# Excitement Urination



## TennesseeJed (Oct 24, 2017)

Hey yall, I just recently have been having an issue with Uncas and excitement Urination. He is 15 weeks old, and this literally started Friday 2/16. Prior, he has been amazing at doing all of his business outdoors, and has very little to no issues inside the house. Now, when he sees someone he loves or meets someone new, he will spray a little bit. The level of excitement when people meet or see him is super low key. He doesn't unload or anything, because I will immediately take him outside, and he will fully finish his business. I spoke to his breeder about this issue, and she made some recommendations such as temporarily wearing a puppy diaper until he gets the idea that excited peeing is not ok. I have seen this topic in the past, but typically the puppies are at least 6 months old. Thanks in advance!


----------



## texasred (Jan 29, 2012)

Oh gosh, he is cute.
Have you tried taking him outside to potty, before anyone comes over.
Also not making a big deal about seeing him, until he has pottied. 
They don't do it on purpose, so I don't think diapers will teach him that it's wrong.


----------



## TennesseeJed (Oct 24, 2017)

Thanks TexasRed. 
I know we are all very partial to our Viszla(s), and am everyday thankful that this is the breed that found me.

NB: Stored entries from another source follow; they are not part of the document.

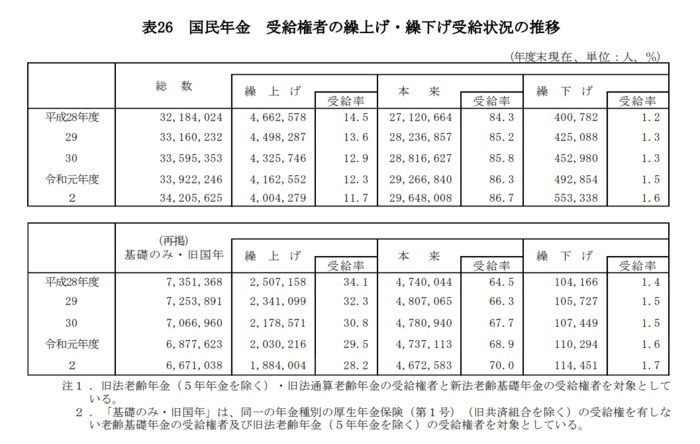 国民年金(基礎年金)の繰下げ率をみると、「基礎のみ・旧国年の受給権者」の繰下げ率は令和2年度末現在で1.7%でした。
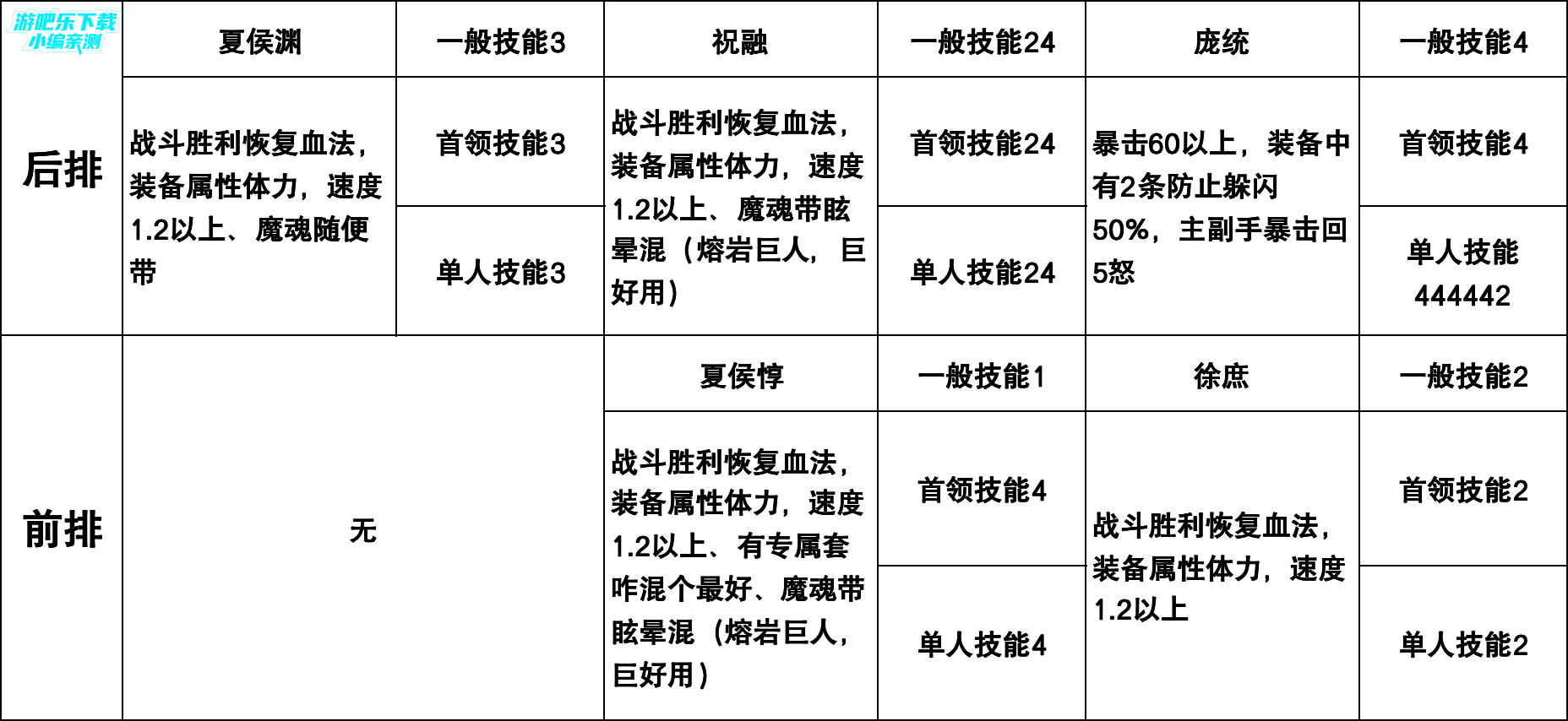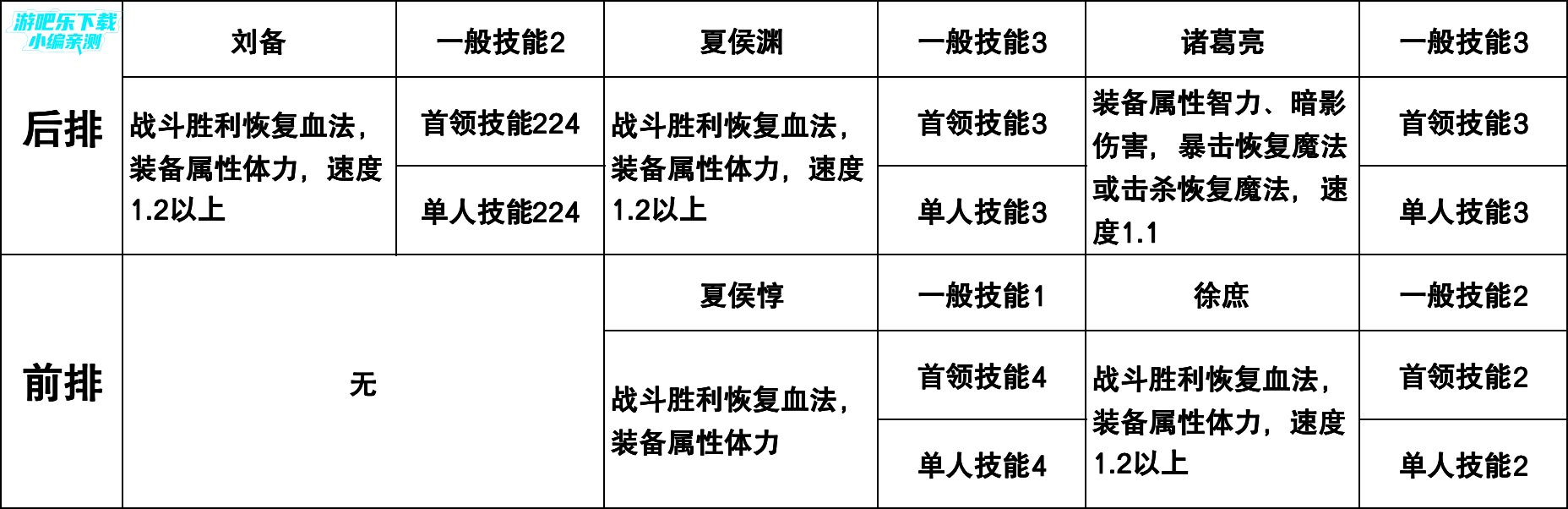 目前主流就一个阵容,体火桶(体-高体力属性、火-火属性伤害+火焰增伤、桶-庞统),由于新手期玩到最后最大的难度就是周目BOSS,打周目BOSS时一定要将地图难度调整到1星,且地图的这个负面属性对你没有伤害或者控制类影响。
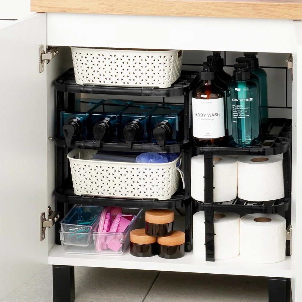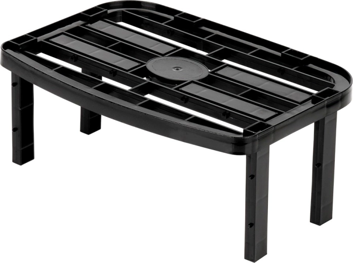 De robuuste kunststof constructie in zwarte kleur is stabiel, onderhoudsvriendelijk en dankzij de twee sets pootjes (13 cm en 10,5 cm) kies je een uiteindelijke hoogte van 14,5 cm of 11,5 cm. Het schap is geschikt voor keuken, voorraadkast, badkamer en kantoor en kan gestapeld worden om meerdere lagen opbergruimte te creëren.
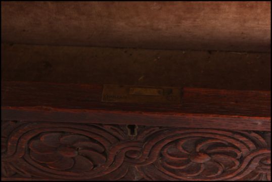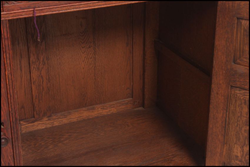 A Victorian Maple & Co carved oak court cupboard sideboard. The solid oak cupboard with twin doors under 2 short drawers with gallery upright top having cabinet flanked by carved columns. Black maple and co label to the drawer
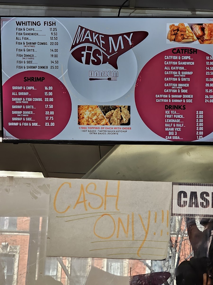 Welcome to Make My Fish, a seafood haven located at 120 W 116th St, New York, NY. This culinary gem specializes in fried fish and savory shrimp dishes, drawing in seafood lovers from near and far. The menu showcases a variety of options, including the enticing Shrimp and Fish Combo and the popular All Shrimp Bundle, both bursting with flavor and served alongside your favorite Coca-Cola beverage.

Uncas comes with me to my office, and rides with me in my vehicle just about everywhere. He is with me constantly, and I work from my front office overlooking a main street as this has the most light and room for Uncas to play. I can also keep a good eye on him to correct any unwanted behavior. I do not at all make a big deal out of the excitement pee, I just clean it and we keep moving on. Before I have clients come into my office, I crate him to prevent him from jumping up and distracting us from our business at hand. He does extremely well in his crate, and does not fuss or make any noises while we conduct business. I made a house call yesterday, and introduced Uncas to a long time client for the first time. He had a little bit of excitement on my front seat. No big deal. We went and met another client very quickly, and introduced Uncas again, this time more excitement, but more on the passenger side and sporadic. Went into one of the regions best hotels, where Uncas is welcome and has been in multiple times, and had more excitement on the marble floor. Again, no big deal. No one cared, and we went about the day. After that, he had multiple interactions with multiple new people in my office with no issues. He is literally my almost all the time companion. When I leave, he doesn't fuss or get upset, so there isn't any separation anxiety. I'm monitoring it, and will continue to take him outside before any new people come in. Thanks again!


----------



## tknafox2 (Apr 2, 2013)

He is Adorable... If this is something really new, and I get that it is from your post, you might have him checked for a UTI... 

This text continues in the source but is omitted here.